I got stuck on this question when I tried solving it using the numpy package. My idea was that I would multiply and keep a list of all the calculations I did of the 3 digit numbers ranging from 100 to 999, then check through the list to see which ones are a palindrome and save them. Finally, I would order the list and get the largest palindrome. Code below shows what I tried to do.
import numpy as np
def void():
list1 = np.array(range(100,999))
list2 = np.array(range(100,999))
k = []
for i,j in zip(list1,list2):
k.append(np.multiply(list1,list2))
b = []
for x in range(0,len(k)):
if(reverseNum(k[x])==k[x]):
b.append(k[x])
print(b)
print(b[-1])
def reverseNum(num):
rev = 0
while(num>0):
rem = num % 10
rev = (rev*10) +rem
num = num // 10
return rev
void()
However, when I try to check if the numbers in the list are a palindrome, I get the following bug:
Traceback (most recent call last):
File "main.py", line 40, in <module>
void()
File "main.py", line 22, in void
if(reverseNum(k[x]),k[x]):
File "main.py", line 31, in reverseNum
while(num>0):
ValueError: The truth value of an array with more than one element is ambiguous.

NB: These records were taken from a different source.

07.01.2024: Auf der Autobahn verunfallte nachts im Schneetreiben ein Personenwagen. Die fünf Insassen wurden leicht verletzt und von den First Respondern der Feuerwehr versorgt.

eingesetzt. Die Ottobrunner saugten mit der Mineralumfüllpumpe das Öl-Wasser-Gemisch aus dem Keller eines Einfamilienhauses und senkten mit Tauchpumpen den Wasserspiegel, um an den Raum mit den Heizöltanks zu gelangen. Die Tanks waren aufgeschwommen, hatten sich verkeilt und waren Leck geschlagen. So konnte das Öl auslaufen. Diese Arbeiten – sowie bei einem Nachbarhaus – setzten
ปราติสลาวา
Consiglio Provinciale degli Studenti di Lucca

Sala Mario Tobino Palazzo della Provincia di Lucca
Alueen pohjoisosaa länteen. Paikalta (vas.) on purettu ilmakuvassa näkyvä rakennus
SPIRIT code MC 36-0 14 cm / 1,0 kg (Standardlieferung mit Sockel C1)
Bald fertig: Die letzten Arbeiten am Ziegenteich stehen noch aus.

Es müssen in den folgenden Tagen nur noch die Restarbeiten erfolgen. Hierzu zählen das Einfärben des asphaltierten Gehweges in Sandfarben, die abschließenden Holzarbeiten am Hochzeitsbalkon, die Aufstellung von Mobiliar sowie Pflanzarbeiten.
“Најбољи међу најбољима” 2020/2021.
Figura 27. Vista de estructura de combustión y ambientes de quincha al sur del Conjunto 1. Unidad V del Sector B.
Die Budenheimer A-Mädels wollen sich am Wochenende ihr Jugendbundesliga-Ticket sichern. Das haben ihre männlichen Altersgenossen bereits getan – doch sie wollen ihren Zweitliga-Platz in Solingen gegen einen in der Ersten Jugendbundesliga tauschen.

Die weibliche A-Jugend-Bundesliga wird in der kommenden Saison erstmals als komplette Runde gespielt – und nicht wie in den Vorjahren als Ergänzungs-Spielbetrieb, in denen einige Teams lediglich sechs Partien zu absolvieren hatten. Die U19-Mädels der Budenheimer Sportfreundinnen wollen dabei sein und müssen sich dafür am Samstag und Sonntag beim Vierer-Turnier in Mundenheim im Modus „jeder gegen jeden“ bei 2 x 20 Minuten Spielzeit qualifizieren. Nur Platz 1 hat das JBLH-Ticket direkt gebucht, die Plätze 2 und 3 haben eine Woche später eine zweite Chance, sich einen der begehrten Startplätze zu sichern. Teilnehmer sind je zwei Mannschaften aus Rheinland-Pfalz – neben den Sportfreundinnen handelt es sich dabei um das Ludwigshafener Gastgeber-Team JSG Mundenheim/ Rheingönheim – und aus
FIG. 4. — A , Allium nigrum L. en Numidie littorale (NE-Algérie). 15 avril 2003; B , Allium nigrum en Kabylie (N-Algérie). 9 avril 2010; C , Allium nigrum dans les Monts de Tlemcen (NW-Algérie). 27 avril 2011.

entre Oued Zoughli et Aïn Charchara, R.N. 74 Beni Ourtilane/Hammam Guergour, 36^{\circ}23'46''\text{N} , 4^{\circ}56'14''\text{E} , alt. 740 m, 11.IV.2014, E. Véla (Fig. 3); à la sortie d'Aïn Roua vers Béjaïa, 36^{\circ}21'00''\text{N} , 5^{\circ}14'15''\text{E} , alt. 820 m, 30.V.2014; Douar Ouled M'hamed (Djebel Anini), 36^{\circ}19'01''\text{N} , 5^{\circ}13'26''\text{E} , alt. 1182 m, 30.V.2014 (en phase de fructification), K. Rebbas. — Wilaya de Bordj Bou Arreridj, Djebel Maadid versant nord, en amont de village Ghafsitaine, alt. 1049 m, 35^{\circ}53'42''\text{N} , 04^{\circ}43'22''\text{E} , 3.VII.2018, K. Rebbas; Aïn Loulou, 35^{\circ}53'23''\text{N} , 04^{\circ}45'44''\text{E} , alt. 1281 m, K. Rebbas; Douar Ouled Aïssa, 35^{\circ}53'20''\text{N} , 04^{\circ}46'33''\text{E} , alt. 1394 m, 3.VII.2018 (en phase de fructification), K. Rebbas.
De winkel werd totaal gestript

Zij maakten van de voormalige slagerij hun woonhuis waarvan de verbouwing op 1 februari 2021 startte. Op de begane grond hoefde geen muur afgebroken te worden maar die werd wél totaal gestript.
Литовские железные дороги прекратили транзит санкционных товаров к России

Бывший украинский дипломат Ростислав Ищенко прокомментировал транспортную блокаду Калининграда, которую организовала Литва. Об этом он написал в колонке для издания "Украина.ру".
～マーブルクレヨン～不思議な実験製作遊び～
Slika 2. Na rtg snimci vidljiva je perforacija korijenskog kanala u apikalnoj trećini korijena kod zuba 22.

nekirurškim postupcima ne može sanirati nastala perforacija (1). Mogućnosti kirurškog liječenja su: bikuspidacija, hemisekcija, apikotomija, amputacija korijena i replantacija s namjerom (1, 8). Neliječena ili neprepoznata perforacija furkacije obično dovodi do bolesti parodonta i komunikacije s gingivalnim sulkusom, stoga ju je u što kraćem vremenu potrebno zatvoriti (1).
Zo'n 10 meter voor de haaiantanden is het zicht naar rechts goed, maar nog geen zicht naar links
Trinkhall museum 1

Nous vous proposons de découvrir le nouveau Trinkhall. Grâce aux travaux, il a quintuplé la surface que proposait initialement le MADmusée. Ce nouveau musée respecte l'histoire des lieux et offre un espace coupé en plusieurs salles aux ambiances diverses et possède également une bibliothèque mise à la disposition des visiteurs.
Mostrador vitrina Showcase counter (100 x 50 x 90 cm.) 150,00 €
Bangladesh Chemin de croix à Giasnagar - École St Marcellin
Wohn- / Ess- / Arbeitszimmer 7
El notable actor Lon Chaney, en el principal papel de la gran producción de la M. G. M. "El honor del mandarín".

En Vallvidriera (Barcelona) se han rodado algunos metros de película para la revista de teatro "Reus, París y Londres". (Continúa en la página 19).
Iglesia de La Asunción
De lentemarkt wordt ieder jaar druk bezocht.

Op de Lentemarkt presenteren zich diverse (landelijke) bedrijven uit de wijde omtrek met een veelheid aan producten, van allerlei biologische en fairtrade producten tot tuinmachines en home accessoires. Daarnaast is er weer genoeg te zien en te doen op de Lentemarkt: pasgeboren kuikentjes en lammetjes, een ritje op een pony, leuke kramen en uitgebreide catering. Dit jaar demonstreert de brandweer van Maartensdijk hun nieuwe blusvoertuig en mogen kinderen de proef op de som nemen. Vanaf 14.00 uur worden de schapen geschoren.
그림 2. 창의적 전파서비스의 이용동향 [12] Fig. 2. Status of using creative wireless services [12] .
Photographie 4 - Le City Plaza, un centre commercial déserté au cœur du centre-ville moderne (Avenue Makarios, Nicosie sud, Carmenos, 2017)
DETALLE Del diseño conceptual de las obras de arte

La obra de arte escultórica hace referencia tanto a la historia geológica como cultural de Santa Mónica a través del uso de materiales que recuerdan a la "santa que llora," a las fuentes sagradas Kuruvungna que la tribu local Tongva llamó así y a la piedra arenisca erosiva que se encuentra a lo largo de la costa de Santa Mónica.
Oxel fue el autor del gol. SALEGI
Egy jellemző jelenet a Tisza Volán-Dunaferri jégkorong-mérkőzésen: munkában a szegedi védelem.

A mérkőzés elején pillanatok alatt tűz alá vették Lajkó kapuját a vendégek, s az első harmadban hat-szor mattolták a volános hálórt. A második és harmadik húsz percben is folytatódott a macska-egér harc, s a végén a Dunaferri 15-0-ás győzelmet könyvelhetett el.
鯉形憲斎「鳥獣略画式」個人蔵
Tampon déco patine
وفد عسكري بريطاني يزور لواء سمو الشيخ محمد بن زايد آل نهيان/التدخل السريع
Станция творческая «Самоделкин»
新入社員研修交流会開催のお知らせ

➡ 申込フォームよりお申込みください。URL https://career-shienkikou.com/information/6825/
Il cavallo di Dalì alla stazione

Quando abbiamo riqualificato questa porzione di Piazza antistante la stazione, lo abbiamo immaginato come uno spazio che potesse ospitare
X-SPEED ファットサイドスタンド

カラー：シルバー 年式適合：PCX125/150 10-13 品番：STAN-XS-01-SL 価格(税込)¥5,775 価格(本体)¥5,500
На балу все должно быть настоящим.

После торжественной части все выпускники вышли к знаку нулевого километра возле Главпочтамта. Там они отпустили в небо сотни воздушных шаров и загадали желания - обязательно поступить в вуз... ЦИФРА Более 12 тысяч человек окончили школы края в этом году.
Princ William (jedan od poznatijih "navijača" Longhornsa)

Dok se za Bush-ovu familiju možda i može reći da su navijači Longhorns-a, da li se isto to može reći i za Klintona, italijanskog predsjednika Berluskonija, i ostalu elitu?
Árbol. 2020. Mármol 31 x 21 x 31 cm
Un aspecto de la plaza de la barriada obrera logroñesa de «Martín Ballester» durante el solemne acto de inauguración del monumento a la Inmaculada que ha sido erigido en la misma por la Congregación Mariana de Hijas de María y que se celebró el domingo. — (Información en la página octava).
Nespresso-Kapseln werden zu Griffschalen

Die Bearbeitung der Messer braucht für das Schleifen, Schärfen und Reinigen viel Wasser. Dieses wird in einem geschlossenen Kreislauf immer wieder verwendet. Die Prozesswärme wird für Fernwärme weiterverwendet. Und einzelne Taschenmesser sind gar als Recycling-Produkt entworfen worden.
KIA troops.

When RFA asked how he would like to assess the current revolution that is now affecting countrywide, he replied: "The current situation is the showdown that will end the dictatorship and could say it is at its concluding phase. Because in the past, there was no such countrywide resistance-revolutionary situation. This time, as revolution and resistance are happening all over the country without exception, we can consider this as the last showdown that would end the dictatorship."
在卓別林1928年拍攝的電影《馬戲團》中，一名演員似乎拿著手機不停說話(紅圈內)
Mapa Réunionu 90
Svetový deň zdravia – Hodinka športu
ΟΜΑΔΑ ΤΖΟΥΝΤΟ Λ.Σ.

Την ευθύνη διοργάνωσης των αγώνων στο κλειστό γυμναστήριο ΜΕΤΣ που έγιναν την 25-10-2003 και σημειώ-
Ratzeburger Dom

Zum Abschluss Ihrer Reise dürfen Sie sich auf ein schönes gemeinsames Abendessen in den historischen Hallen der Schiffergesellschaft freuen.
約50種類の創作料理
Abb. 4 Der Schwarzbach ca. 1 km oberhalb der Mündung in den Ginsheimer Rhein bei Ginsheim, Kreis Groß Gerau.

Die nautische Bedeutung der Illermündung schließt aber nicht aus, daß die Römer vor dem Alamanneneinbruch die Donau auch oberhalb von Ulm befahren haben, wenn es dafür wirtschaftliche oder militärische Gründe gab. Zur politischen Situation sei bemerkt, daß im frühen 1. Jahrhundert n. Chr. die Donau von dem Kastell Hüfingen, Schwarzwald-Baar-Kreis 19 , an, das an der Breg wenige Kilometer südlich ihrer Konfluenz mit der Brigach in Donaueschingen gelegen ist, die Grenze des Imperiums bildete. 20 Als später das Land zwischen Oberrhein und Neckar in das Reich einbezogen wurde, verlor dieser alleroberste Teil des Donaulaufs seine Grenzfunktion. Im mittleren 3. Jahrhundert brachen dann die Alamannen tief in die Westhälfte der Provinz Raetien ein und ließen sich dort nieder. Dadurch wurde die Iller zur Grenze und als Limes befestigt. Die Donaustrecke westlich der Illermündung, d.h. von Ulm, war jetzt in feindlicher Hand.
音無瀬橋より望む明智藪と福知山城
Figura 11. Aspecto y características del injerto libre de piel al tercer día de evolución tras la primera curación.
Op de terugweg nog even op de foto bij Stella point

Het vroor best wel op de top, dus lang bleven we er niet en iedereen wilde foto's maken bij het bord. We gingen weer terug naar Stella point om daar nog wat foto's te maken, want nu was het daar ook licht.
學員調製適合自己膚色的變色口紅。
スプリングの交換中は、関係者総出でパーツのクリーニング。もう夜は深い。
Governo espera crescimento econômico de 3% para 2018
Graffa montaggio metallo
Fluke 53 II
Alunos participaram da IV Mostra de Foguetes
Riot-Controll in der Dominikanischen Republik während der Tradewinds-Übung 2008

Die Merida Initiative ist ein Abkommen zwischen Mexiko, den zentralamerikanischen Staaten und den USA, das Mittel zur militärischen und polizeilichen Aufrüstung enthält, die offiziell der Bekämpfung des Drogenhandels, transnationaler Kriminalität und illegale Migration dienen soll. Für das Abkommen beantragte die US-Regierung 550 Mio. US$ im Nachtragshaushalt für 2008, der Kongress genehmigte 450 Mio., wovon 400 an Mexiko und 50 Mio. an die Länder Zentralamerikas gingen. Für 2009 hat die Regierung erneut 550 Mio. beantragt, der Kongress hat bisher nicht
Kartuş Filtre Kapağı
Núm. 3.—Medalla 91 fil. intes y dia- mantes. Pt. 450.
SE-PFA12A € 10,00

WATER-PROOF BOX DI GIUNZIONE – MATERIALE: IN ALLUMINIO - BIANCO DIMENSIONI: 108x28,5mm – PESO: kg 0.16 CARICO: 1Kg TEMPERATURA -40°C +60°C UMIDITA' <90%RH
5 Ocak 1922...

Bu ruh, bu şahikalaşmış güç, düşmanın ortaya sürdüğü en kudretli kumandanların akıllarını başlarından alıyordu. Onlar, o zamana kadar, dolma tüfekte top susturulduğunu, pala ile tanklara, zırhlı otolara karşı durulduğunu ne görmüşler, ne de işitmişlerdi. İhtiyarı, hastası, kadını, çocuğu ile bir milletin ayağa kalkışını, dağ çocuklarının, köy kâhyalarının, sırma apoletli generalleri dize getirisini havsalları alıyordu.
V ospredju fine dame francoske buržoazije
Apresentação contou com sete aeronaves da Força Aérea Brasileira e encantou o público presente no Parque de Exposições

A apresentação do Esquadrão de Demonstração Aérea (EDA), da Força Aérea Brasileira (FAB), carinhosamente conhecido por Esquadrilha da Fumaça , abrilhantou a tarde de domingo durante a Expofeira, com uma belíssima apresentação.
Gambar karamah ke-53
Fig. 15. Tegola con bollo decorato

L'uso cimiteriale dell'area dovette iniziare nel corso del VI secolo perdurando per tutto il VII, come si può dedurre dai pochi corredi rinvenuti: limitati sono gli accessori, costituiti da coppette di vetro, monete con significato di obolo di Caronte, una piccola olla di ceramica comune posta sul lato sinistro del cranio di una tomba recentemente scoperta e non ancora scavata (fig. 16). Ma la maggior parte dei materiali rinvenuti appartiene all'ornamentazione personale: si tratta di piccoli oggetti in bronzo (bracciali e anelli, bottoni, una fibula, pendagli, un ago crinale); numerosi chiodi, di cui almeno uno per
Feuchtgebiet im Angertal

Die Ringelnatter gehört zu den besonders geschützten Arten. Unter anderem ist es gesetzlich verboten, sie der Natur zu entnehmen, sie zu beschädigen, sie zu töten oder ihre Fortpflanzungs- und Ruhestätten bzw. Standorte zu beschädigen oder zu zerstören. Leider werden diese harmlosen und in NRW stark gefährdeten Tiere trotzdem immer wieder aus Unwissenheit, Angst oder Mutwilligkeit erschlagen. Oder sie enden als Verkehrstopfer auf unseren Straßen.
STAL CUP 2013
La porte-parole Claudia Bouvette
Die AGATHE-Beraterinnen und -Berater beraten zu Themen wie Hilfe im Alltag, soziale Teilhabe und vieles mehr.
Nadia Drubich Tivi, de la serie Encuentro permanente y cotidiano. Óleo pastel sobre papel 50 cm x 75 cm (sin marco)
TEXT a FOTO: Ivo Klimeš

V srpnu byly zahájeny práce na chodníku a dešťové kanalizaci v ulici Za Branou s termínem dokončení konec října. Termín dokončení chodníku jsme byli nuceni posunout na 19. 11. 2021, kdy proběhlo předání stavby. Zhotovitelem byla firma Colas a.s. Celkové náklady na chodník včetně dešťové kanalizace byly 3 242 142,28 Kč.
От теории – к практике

Use a.any() or a.all()
Does this mean that it is not possible to use numpy as a method to solve this problem? If it is, where am I going wrong?
EDIT: What I have tried so far (since it was asked): Based on the error messages, I tried using np.equal
as well as np.greater
instead of checking if(reverseNum(k[x])==k[x])
and num>0
but it gives the same error.
A NumPy way assuming the result has six digits (it can't have more, as 999 2 is 998001):
import numpy as np
v = np.arange(100, 1000) # the range of three-digit numbers
a = np.outer(v, v) # all the products
print(a[(a // 100000 == a % 10) & # first digit == sixth digit
(a // 10000 % 10 == a // 10 % 10) &
(a // 1000 % 10 == a // 100 % 10)].max())
Prints 906609
.
Double checking with pure Python:
>>> max(x*y
for x in range(100, 1000)
for y in range(100, 1000)
if str(x*y) == str(x*y)[::-1])
906609
Your issue stems from the your line including the zip
. My code below isn't pretty, but attempts to follow your approach loosely.
import numpy as np
def void():
list1 = np.array(range(100,1000)) # you want to include '999'
list2 = np.array(range(100,1000))
k = []
for i,j in zip(list1,list2):
k.append(np.multiply(list1,j))
b = []
for r, row in enumerate(k):
for c, cell in enumerate(row):
if reverseNum(cell)==cell:
b.append(cell)
print(b)
print(max(b))
def reverseNum(num):
rev = 0
while(num>0):
rem = num % 10
rev = (rev*10) +rem
num = num // 10
return rev
void()
Why does it have to use numpy?
# test if palindrome based on str
def is_palindrome(number: int):
converted_to_string = str(number)
return converted_to_string == converted_to_string[::-1]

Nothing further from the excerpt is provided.